*RECORDED DATA*.
——————————

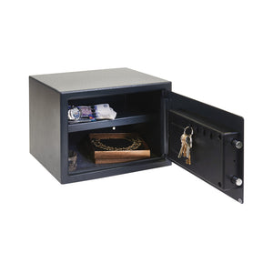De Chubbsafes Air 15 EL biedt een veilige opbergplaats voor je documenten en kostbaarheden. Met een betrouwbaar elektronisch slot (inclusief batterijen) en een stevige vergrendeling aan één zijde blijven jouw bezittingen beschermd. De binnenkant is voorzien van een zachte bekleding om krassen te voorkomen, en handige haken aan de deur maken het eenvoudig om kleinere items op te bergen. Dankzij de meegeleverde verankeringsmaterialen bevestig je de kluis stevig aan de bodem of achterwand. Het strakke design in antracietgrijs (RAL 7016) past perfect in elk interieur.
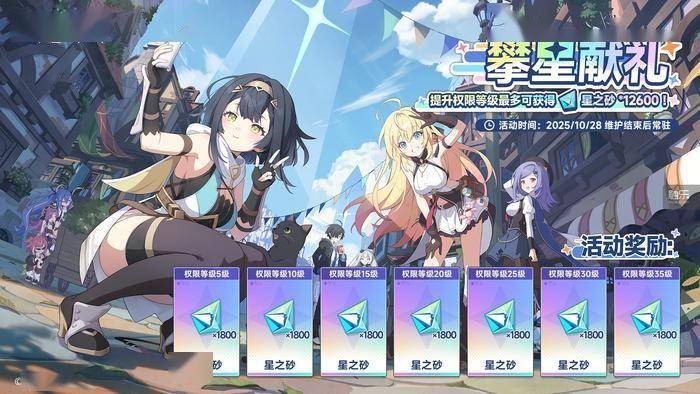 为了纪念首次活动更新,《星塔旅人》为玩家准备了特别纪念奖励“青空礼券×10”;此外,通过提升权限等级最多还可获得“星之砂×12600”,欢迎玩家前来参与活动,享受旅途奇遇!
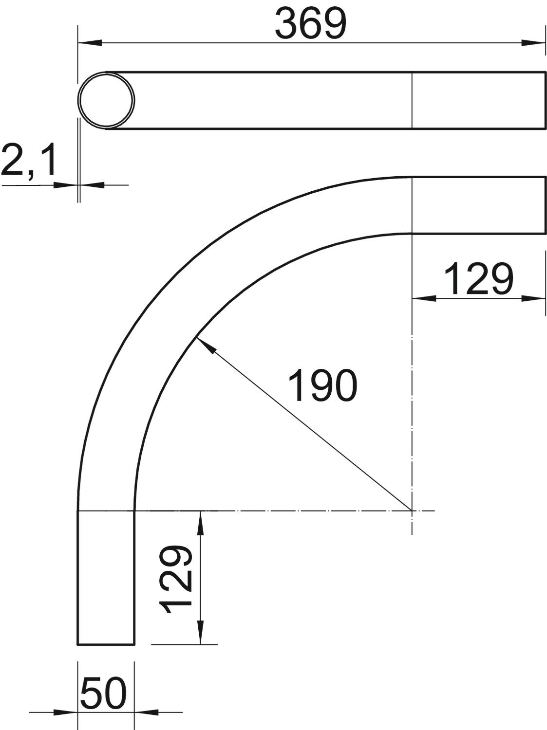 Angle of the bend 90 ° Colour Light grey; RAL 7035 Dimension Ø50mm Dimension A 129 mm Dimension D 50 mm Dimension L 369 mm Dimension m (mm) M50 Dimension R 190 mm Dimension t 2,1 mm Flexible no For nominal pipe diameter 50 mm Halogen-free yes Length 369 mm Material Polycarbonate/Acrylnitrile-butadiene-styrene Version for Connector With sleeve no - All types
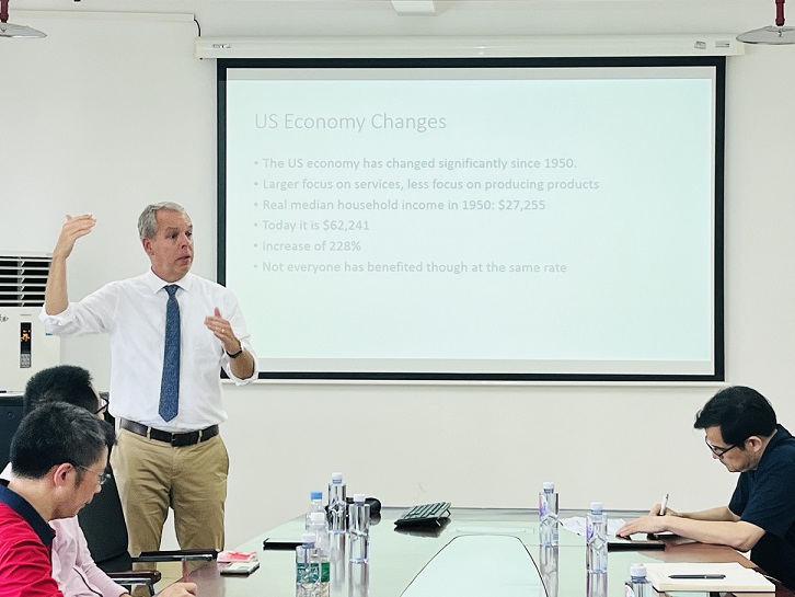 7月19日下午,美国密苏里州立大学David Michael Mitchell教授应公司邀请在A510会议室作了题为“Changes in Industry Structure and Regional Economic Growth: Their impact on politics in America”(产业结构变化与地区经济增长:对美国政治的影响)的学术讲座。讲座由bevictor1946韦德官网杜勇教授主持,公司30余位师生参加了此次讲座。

——————————

*WHAT NEEDS TO BE DONE*. Leaving every picture out, write out exactly the lines from the one that holds "为了纪念首次活动更新,《星塔" through the end of the listing, both included.

*OUTPUT FOR THIS TASK*.
 为了纪念首次活动更新,《星塔旅人》为玩家准备了特别纪念奖励“青空礼券×10”;此外,通过提升权限等级最多还可获得“星之砂×12600”,欢迎玩家前来参与活动,享受旅途奇遇!
 Angle of the bend 90 ° Colour Light grey; RAL 7035 Dimension Ø50mm Dimension A 129 mm Dimension D 50 mm Dimension L 369 mm Dimension m (mm) M50 Dimension R 190 mm Dimension t 2,1 mm Flexible no For nominal pipe diameter 50 mm Halogen-free yes Length 369 mm Material Polycarbonate/Acrylnitrile-butadiene-styrene Version for Connector With sleeve no - All types
 7月19日下午,美国密苏里州立大学David Michael Mitchell教授应公司邀请在A510会议室作了题为“Changes in Industry Structure and Regional Economic Growth: Their impact on politics in America”(产业结构变化与地区经济增长:对美国政治的影响)的学术讲座。讲座由bevictor1946韦德官网杜勇教授主持,公司30余位师生参加了此次讲座。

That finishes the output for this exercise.